Rust lifetimes: Getting away with things that would be reckless in C++

[+] missblit|11 years ago|reply

In C++ if the string is a rvalue reference you could std::move it into part of the return value. Think a signature like

    template<typename T>
    std::pair<std::string, std::vector<std::string_view>>
    tokenize_string(T &&str);

This would be efficient when the user passes a temporary, and it would be safe.

Which isn't to say the Rust solution isn't totally cool. Being able to easily check this class of errors at compile time is probably a lot nicer than needing to learn all the relatively complicated parts that would go into a easy to use / safe /efficient / still slightly weird C++ solution.

[+] eridius|11 years ago|reply

Sure, and then somewhere along the way you throw away the first element of the pair, because you're not using it, but you're still using the views, and oops you just reintroduced the bug you tried to fix.

Which is to say, yes, you can obviously write C++ code that works.
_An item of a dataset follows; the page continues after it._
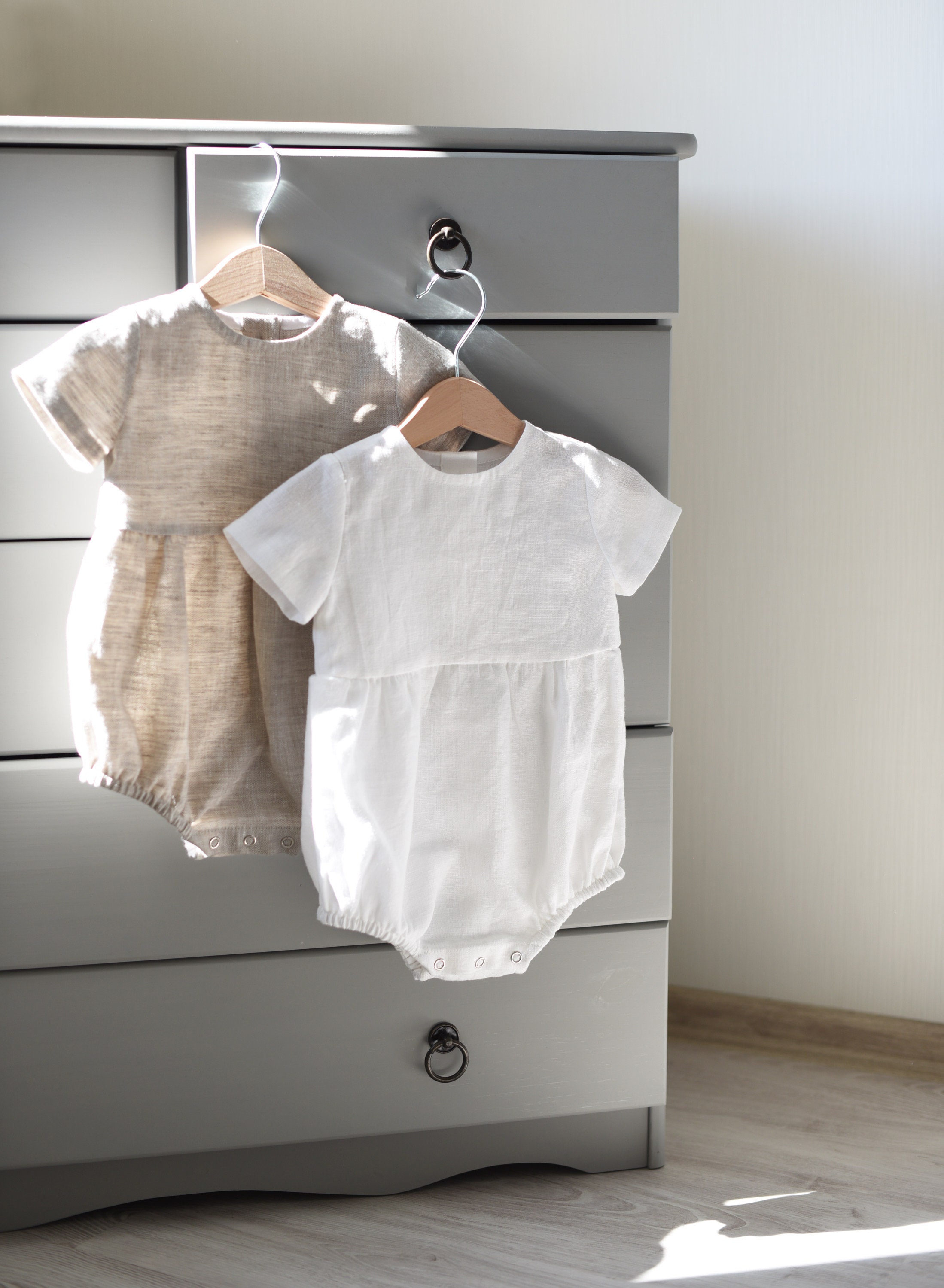 5 out of 5 stars. Baby Boy Romper - Baby Boy Linen Romper - Baby Gift - Baby Girl Linen Romper LittleDashingDarling. It features decorative straps and buttons on the front.

But you run the risk that one tiny mistake, or a change weeks, months, or years later, causes memory issues. Being able to completely rule out this class of error at compile-time is really amazingly useful.

[+] pfultz2|11 years ago|reply

Actually, it should be written more like this:

    template<typename T>
    std::pair<T, std::vector<std::string_view>>
    tokenize_string(T &&str);

So then it uses `std::forward` to conditionally move the string for rvalues, and `T` will be a reference to the original string for lvalues.

[+] svalorzen|11 years ago|reply

Or, you know, instead of returning two C pointers which in modern C++ makes no sense, return a vector of `std::pair<size_t,size_t>` with position and length of each substring, and if needed use `std::string::substr` to extract the parts you need.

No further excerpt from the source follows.